Problem 1: Critical Field Calculation

For Nb₃Sn: ξ(0) = 3 nm, λ(0) = 65 nm, Tc = 18 K.

(a) Calculate κ, Hc1(0), and Hc2(0).

(b) If Hc(0) = 0.4 T, verify the relationships between the critical fields.

(c) What is the range of the mixed state at T = 0?
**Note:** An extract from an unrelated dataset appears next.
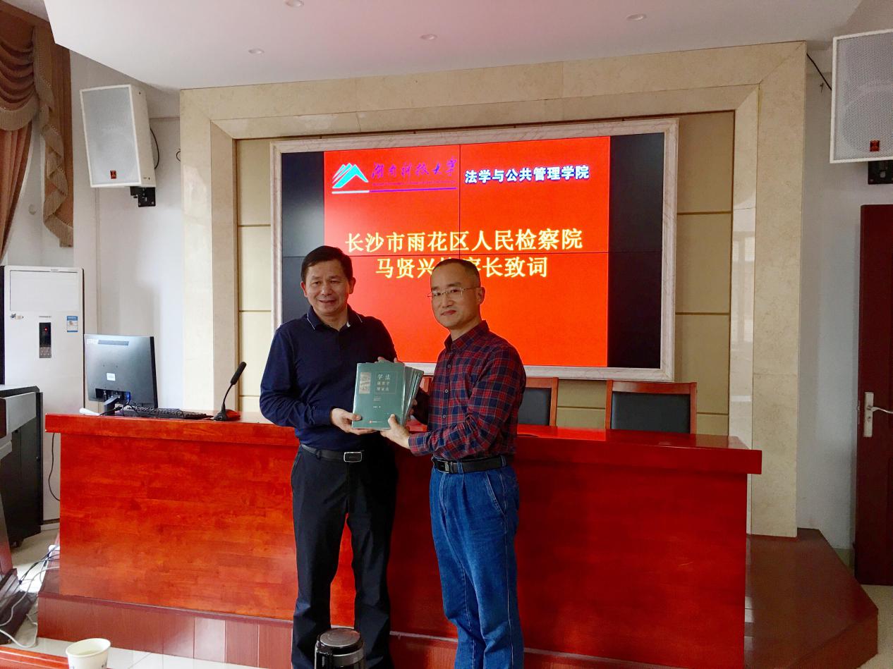 2021年5月8日,优秀校友、长沙市雨花区人民检察院党组书记、检察长马贤兴莅临bevictor伟德官网,向bevictor伟德官网捐赠个人专著《学法就要学辩证法》,捐赠仪式在立言楼A425会议室顺利举行。此次仪式由李云霖副院长主持,徐德刚院长、胡正昌副院长、邱帅萍副院长、李倩老师、章小兵老师以及部分研究生和本科生参加了本次仪式。

Problem 2: Flux Quantization Verification

A superconducting ring has inner diameter 1 mm and traps magnetic flux.

(a) If the measured flux is 3.1 × 10⁻¹⁵ Wb, how many flux quanta are trapped?

(b) Calculate the minimum detectable field change ΔB if one additional flux quantum enters.

(c) Why must flux be quantized in superconductors?

Problem 3: Vortex Lattice Spacing

A Type II superconductor with λ = 100 nm is in a field B = 1 T.

(a) Calculate the vortex lattice constant a.

(b) How many vortices are present per μm²?

(c) At what field do vortex cores (ξ = 5 nm) start to overlap?

Problem 4: Bean Model Application

A superconducting slab (thickness 2 mm, Jc = 10⁹ A/m²) is in field Ba = 0.5 T.

(a) Calculate the penetration depth.

(b) Sketch the B(x) and J(x) profiles.

(c) What is the magnetization M?

Problem 5: Critical Current from Pinning

A vortex experiences pinning force Fpin = 10⁻¹¹ N per unit length.

(a) Calculate the critical current density Jc.

(b) If the pinning centers have density np = 10²¹ m⁻³, what is the average pinning energy per defect?

(c) How does Jc depend on temperature through thermal depinning?